Now Secretary Clinton is saying that the prime minister has offered a landmark concession.
 
But the Palestinians stopped listening at "full settlement freeze."

Jewish vitality

The latest sources of Jewish panic are claims that Israel has gone crazy in an alleged concern for its defense, and that the American Jewish Left is threatening what had been united support for Israel's essential concerns.
 
The Left is sickened by indications of bloodshed and destruction in Gaza. The Right is frightened by the emergence of the Leftist J Street and signs of its alignment with the White House. Either this new Left is provoking the White House to threaten Israel, or the White House is using the Jewish Left as leverage against Israel.
 
So what else is new?
 
Remember that Moses had his hands full with Hebrew rebels. Ezra struggled unsuccessfully with men attracted to shiksas (non-Jewish women). Josephus described full scale civil war. Since then Jews have produced, followed and been disappointed by no end of spiritual and political messiahs.
 
J Street is the American expression of what Israelis knew as Brit Shalom in the 1920s, and Peace Now from the 1970s onward.
 
If the greatest threat comes from an article in The Nation, then God's people can relax.

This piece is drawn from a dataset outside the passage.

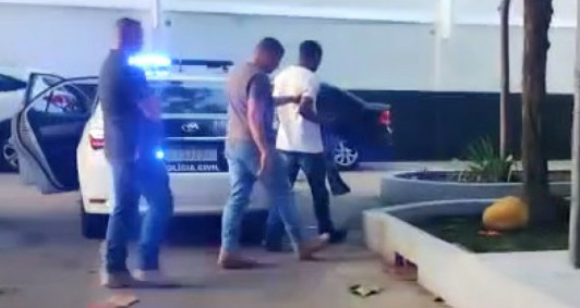 Os policiais civis, então, se dirigiram à praça do Santíssimo Salvador, onde, depois de alguns minutos, visualizaram o suspeito saindo do edifício Ninho das Águias sozinho. Os agentes da Deam se aproximaram, se identificaram e deram voz de prisão.

Obama's Middle East record to date: unimpressive to embarrassing

Since the country went back to work after Rosh Hashana, the airwaves were filled with competing speculation about the upcoming meeting in New York of Barack Obama, Benyamin Netanyahu and Mahmoud Abbas. The central question: What, if anything, would Obama wring from Netanyahu and Abbas? Perhaps Bibi would agree to more of a settlement freeze than previously, and Abu Mazan would agree to negotiate with him.
 
Once the leaders had met, and the American president spoke, the commentary shifted to new terrain, where it will likely stay for awhile.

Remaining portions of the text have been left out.